函館日記

函館暮らしの日記

自動車優先で寂れる街

函館は、市役所を中心にして四方に道路が広がっています。 南は函館山の麓の護国神社へ、西は函館港(青函連絡船=以前の函館駅)、東は津軽海峡ですが、北は地方裁判所まで、「広路」(ひろじ)、つまり広い道路になっています。 「道」ではなく「路」なのはおそらく、足で歩くみち(歩道)だからなのではないでしょうか。

自家用車の時代になってから久しいです。

豪雪地帯の冬ですから歩くのも大変で、運転が困難で危険なのですが、それでも自家用車が増えたというのもあります。

地下鉄は無いし、市電の輸送力と運行範囲は限られています。いまや、JR(国鉄函館本線に乗る地元の人は主に運転免許を持てない人、典型的には学生生徒だというのが、偏見ではなく本当の実情です*1

いわゆるバブル期までは特に労働、いわゆる「仕事」が優先で、休日にまとめ買いする暮らし方が広まったのは函館でも同じでしょう。
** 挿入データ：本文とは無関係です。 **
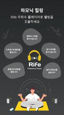 RIFE 주파수 플레이어는 당신의 고유한 웰빙 여정을 위한 개인화된 사운드 테라피를 제공합니다. 수많은 RIFE 주파수 중에서 당신의 필요에 가장 잘 맞는 조합을 찾아 나만의 치유 플레이리스트를 쉽게 만들 수 있습니다. 숙면을 위한 주파수부터 집중력을 높이는 소리, 혹은 마음의 평화를 위한 선율까지, 오직 당신만을 위한 맞춤형 사운드 환경을 조성해 보세요. 나아가, 여러분의 에너지와 목표에 정확히 부합하는 고유한 주파수를 생성하고 저장하여, 매번 새롭고 진정으로 개인화된 명상 세션을 경험할 수 있습니다. RIFE 주파수 플레이어는 당신의 웰빙 목표를 완벽하게 지원하는 든든한 동반자가 되어줄 것입니다.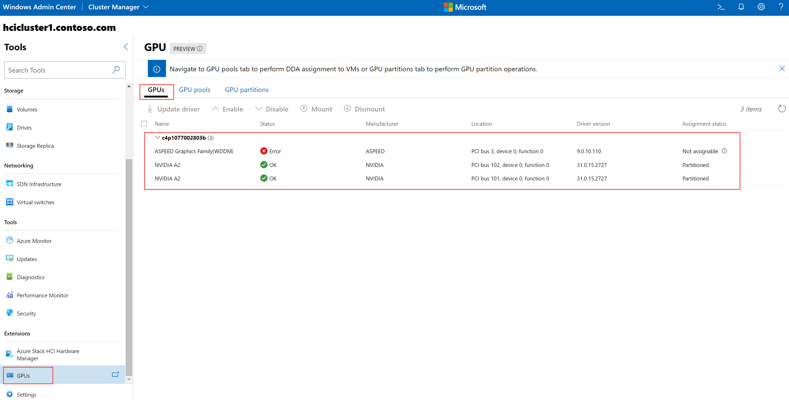 次の手順に従って、Windows Admin Center を使用して GPU ドライバーがインストールされており、パーティション分割可能かどうかを確認します。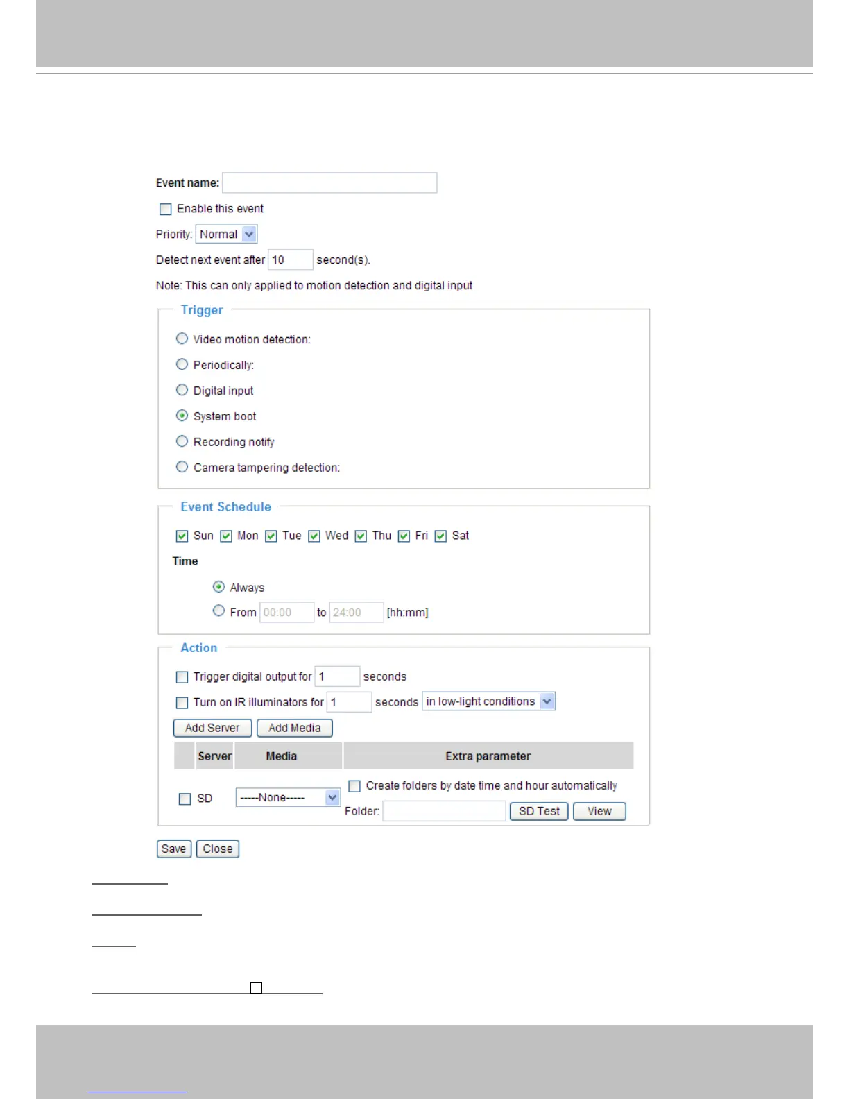 arrange three elements -- Trigger, Schedule, and Action to set an event� A total of 3 event settings can be

自家用車が増え、自家用車を売ることで自動車産業は儲かる、経済成長をする、欧米を上回るということで、そういう国家政策で来たんですよね。 それで函館も、函館都心の人口は増えず高齢化が進み、美原のような旧亀田市の地域や、桔梗から七飯町方面にかけて、人口が異動していきました。

北洋漁業が乱獲から衰退して函館港(都心)の産業が縮小したのも原因でしょう。それは何十年か前の話ですから、そこから内陸寄りに人口異動がずっと続いてきたわけでしょう。

話を戻して。 市役所を中心とした大通りがあるのですが、通行量は少なく閑散としています。 通行量が多くなったのは、自動車の走る道路、市電も走る道路(「電車通り」)の方です。

歩行者向きの大通りは、昔は、商店が立ち並び賑わっていたのでしょう。 それが、自動車優先の政策、自動車中心の社会になって、自動車の走りやすい道路の通行量が増えました。そして、駐車場のない商店には客が入らなくなりました。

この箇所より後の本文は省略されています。